Data Migration White Paper

London - New York - Dubai - Hong Kong - Mumbai 2011

Technical Data Migration in Six Steps by

Wael O. Elrifai, July 2011

2

Confidential - not for redistribution

Abstract

Data Migration is a field that is often overlooked as a simple step between retiring an existing

platform and bringing to life a new one. The reality is that we are constantly migrating data between

systems, implementing new applications, setting up co-existence scenarios and sharing information

in a way that could be thought of as data migration.

The actual task of data migration is a complex one requiring experience and a detailed

understanding of the steps to be taken, both in terms of business process and technical

implementation. This includes a clear delineation of responsibility between IT and business, since far

too often the job of manipulating data is relegated to IT, well outside of their core competency.

Enabling the migration requires a team experienced in abstracting the technical details such that the

business team can implement their rules for migration without ever writing a single line of code, a

task for IT.

This document focuses on technical architecture rather than process. We describe an architecture

that we’ve found to be ideal in dozens of large data migration scenarios at organizations ranging

from global Fortune 500 companies to local Small Businesses. This architecture is portable between

different software toolsets; we’ve implemented it in hand-coded systems as well as open source and

best-of-breed ETL/DQ solutions.

This document is aimed at anyone who’s about to embark on a data migration task, or who is trying

to rescue an existing project that is “off-plan”. To gain the most from this document, you should only

require a rudimentary understanding of the terminology of data handling, terms such as ETL

(Extract, Transform, and Load) and Reference Data (e.g. ISO currency codes, lists of possible post

code).

3


Introduction

The Peak solution for data migration involves a 6-stage process designed to isolate and validate

elemental data changes at the lowest level, hierarchy changes, referential integrity checks, duplicate

checks and capture metadata into distinct steps such that they can be easily tracked, reversed, and a

complete lineage exists for audit purposes. The diagram describes the process at a high level, a more

detailed description can be found below. Please bear in mind that a “stage” refers to the staging

area and the preceding technical ETL/DQ process between the previous stage and that stage. This

document is by no means a complete description of the systems and processes required, but it’s a

good indicator as to the technical elements and requirements of a good data migration system.

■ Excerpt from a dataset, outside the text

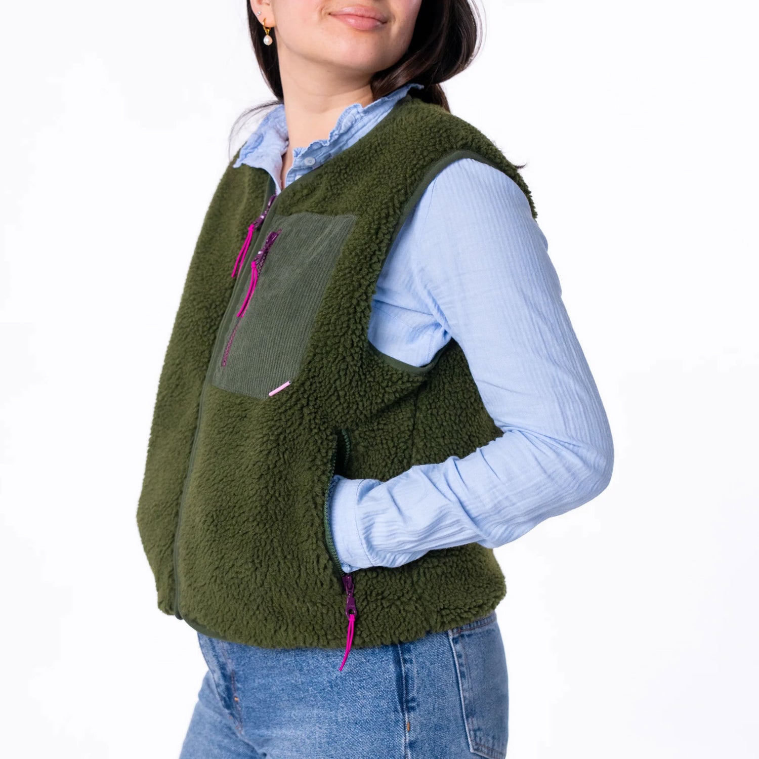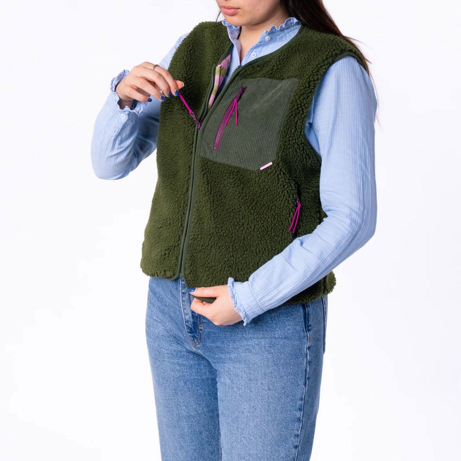 BILLYBELT Women’s Sleeveless Sherpa Zip Jacket in Khaki
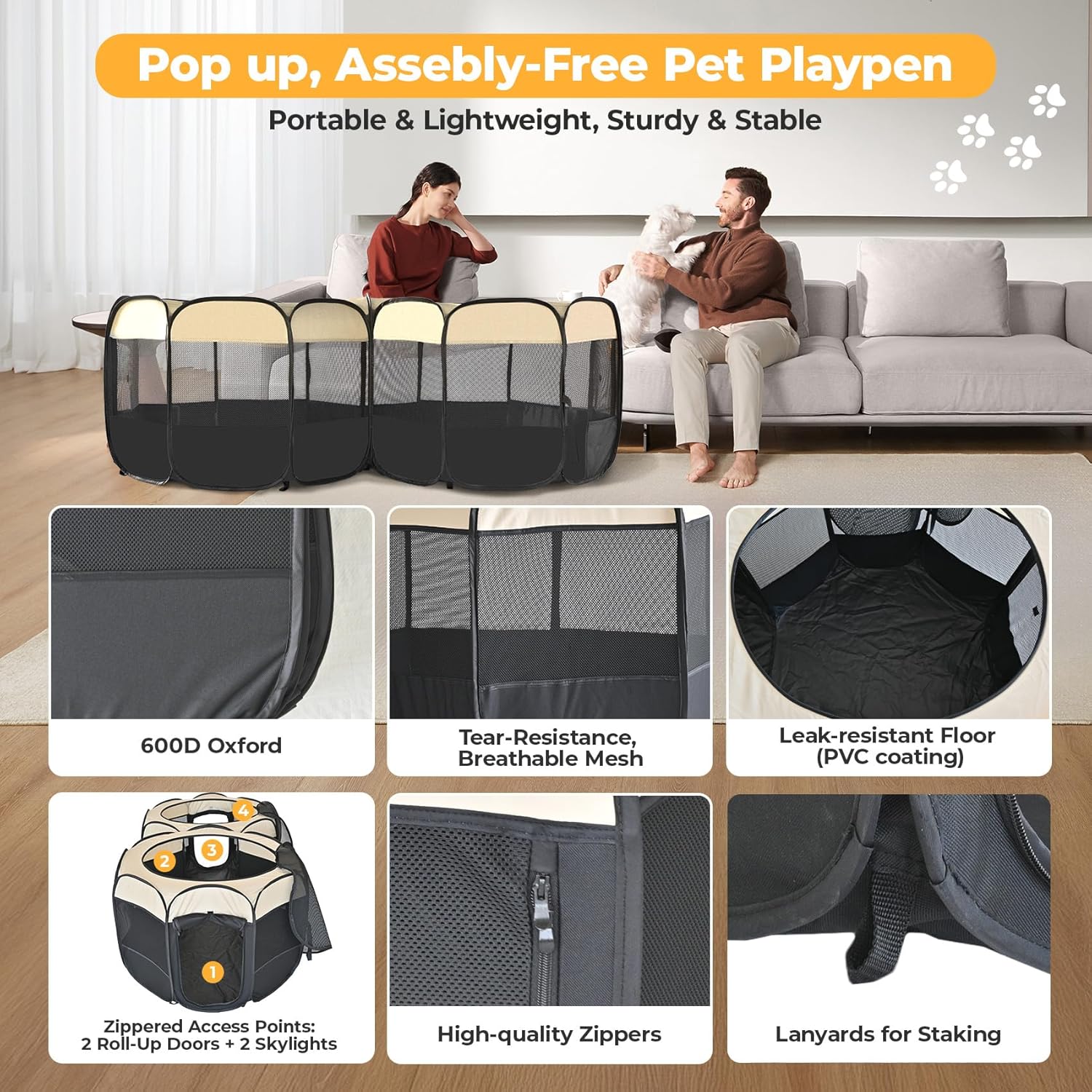 - ๐๐๐๐ฏ๐ฒ-๐๐ฎ๐ญ๐ฒ ๐๐๐ฌ๐ก & ๐๐๐๐ ๐๐ฑ๐๐จ๐ซ๐: Crafted with heavy-duty tear-resistant mesh and durable Oxford fabric for breathability and visibility, supported by a robust steel frame with reinforced seams for stability. The anti-tip structure and secure zipper closure prevent escapes while ensuring safety, and the spacious, well-ventilated interior keeps your pet comfortable and stress-free during playtime.

This architecture is not tied to a particular ETL tool, but Peak does recommend the use of tools to aid

in re-usability and visibility of process. Some tools are better suited to the “pivot” tasks required at

some points though all major commercial and open source ETL tools can provide the necessary

functionality. No data is deleted at any point within the stages, any data that does not pass a

particular stage is excluded via the error logging mechanism and a “warning” or “error” flag attached

to the record by Stage and Surrogate ID (SID).

Stage 1: Data is read directly from source systems in the native code page and put into database

staging areas in a format and ER model that exactly matches the source systems, whether they are

ERPs, bespoke systems, flat files, or semi-structured data. Some metadata is added to aid in tracking

of records in the form of a surrogate ID (SID) as well as timestamp, source, and other metadata as

appropriate for the system.

Stage 2: Data is moved from the Stage 1 area to the Stage 2 area. Only that subset of columns

considered necessary in the data map to target systems are moved, including any fields necessary to

perform calculations but not necessarily designed to be loaded to the target, as well as all metadata.

SIDs are maintained to provide easy “back tracking”. Any filtering rules to remove data known to be

irrelevant to the migration is performed. Duplicates are removed as deemed appropriate (i.e.

customer master data might be removed while transactions are persisted). Data is still maintained in

the entity-relationship model of the source systems less the columns that have been deemed

extraneous. All actions are logged in the audit and error data model with error data being excluded

from the target.

Stage 3: Data is mapped from the old entity-relationship model to the new one, metadata is

transferred, SIDs maintained, and all actions logged while error records are excluded from the

target. It is important to note that no data translations or calculations have taken place yet. The data

is in the target ER model but not necessarily in the target data formats. All data types are defined as

VARCHAR (MAX LENGTH) to avoid rejecting any source data.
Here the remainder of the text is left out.